No single neurotransmitter system may be the sole regulator of ADD. Neurons can convert dopamine into norepinephrine. Many of the drugs that act on the catecholamines act on serotonin. Some of the drugs that act on serotonin can act on norepinephrine and dopamine. And we can't rule out the role of other neurotransmitters like GABA (gamma amino butyric acid), which have showed up in some biochemical studies. The most likely possibility is that the effect of dopamine and norepinephrine and serotonin is key and drugs that alter these neurotransmitters will have the most telling effect on the symptomatology of ADD.

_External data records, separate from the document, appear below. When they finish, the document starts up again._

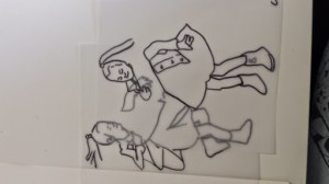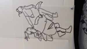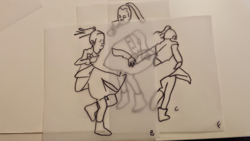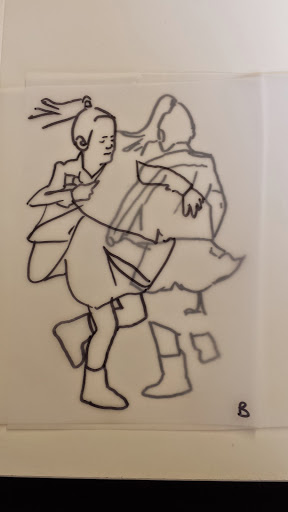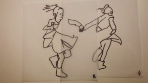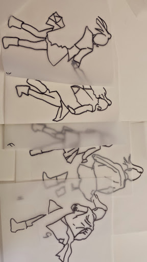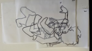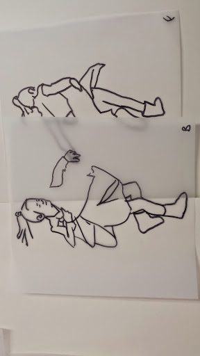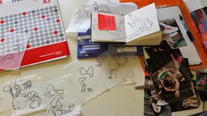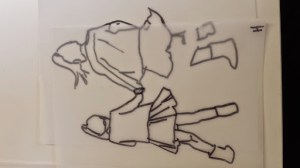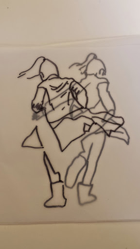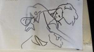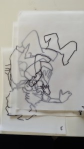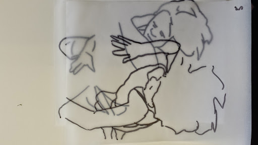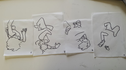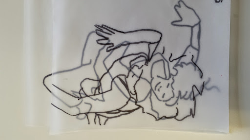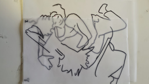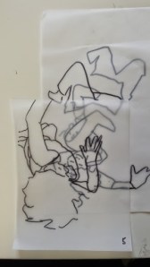 I got to the stage when I started to develop my ideas further in this final stage of the project, when I realised that I didn’t have the right visual material to my work forwards. I took guess another series of photos using fabric to secure the figure. This was directly inspired by my trip to Florence where I was really interested in the way that the sculptures had drapery which obscured parts of the body and sort of seem to strangle and wrap around figures partway through movement. In a series of photographs, I had three models myself and two others are very young girl and another adult female. We used quite heavy fabric to twirl around our bodies as we moved and I imagine that this would look like there was some sort of conflict still, which links with my earlier photos of struggle, but possibly conflict with the self. I printed about 250 photographs, this was after careful editing and selection. I felt it was really important to have a lot of images so that I could combine and further edit and crop, taking limbs from one figure to another, and making figures interact with themselves at a different stage of movement. Are used tracing similar to Jenny Savile to record the figures outlines. This helped me to bend combine different combinations of figures moving, to begin to consider new compositions for paintings. I wanted to show movement, and a sense of tangling, wrapping, and general struggle. Possibly some sort of fight, or a child being led away by another child. I hope that this would bring a sense of menace, or suggestion of something that might happen in the future, linking with my research into narrative painting. Below are some of the drawings layered and combined to devise different compositions. I then selected, and refined from these combinations of figures to take forward into the larger paintings.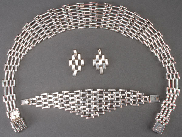 A FOUR PIECE MEXICAN SILVER JEWELRY GROUP, LATE 20TH CENTURY. Comprising an expanding multiple link necklace, bracelet, and earrings. Stamped .925, TL-51, Mexico. Length of necklace 19 inches. Total weight 9.4 troy ounces.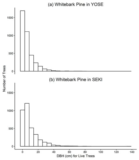 Histogram of all live whitebark pine diameter at 1.37 m (DBH) in Yosemite National Park (YOSE), CA, USA (a) and Sequoia and Kings Canyon National Parks (SEKI), CA, USA (b). DBH ranged from 0.4 to 78.3 cm in YOSE and 0.4 to 136.5 in SEKI.

So can we say that ADD is a chemical imbalance? Like most questions in psychiatry, the answer is yes and then again no. No, we have not found a good way to measure the specific imbalances in the neurotransmitter systems that may be responsible for the ADD. But yes, there is enough evidence that neurochemical systems are altered in people with ADD to state that the problem derives from the chemistry of the brain. Most likely, it is a dysregulation along the catecholamine-serotonin axis, a dance where one misstep by one partner creates a misstep by the other, which creates another misstep by the first. Before they know it, these dance partners are out of step not just with each other but with the music--and who is to say how it happened?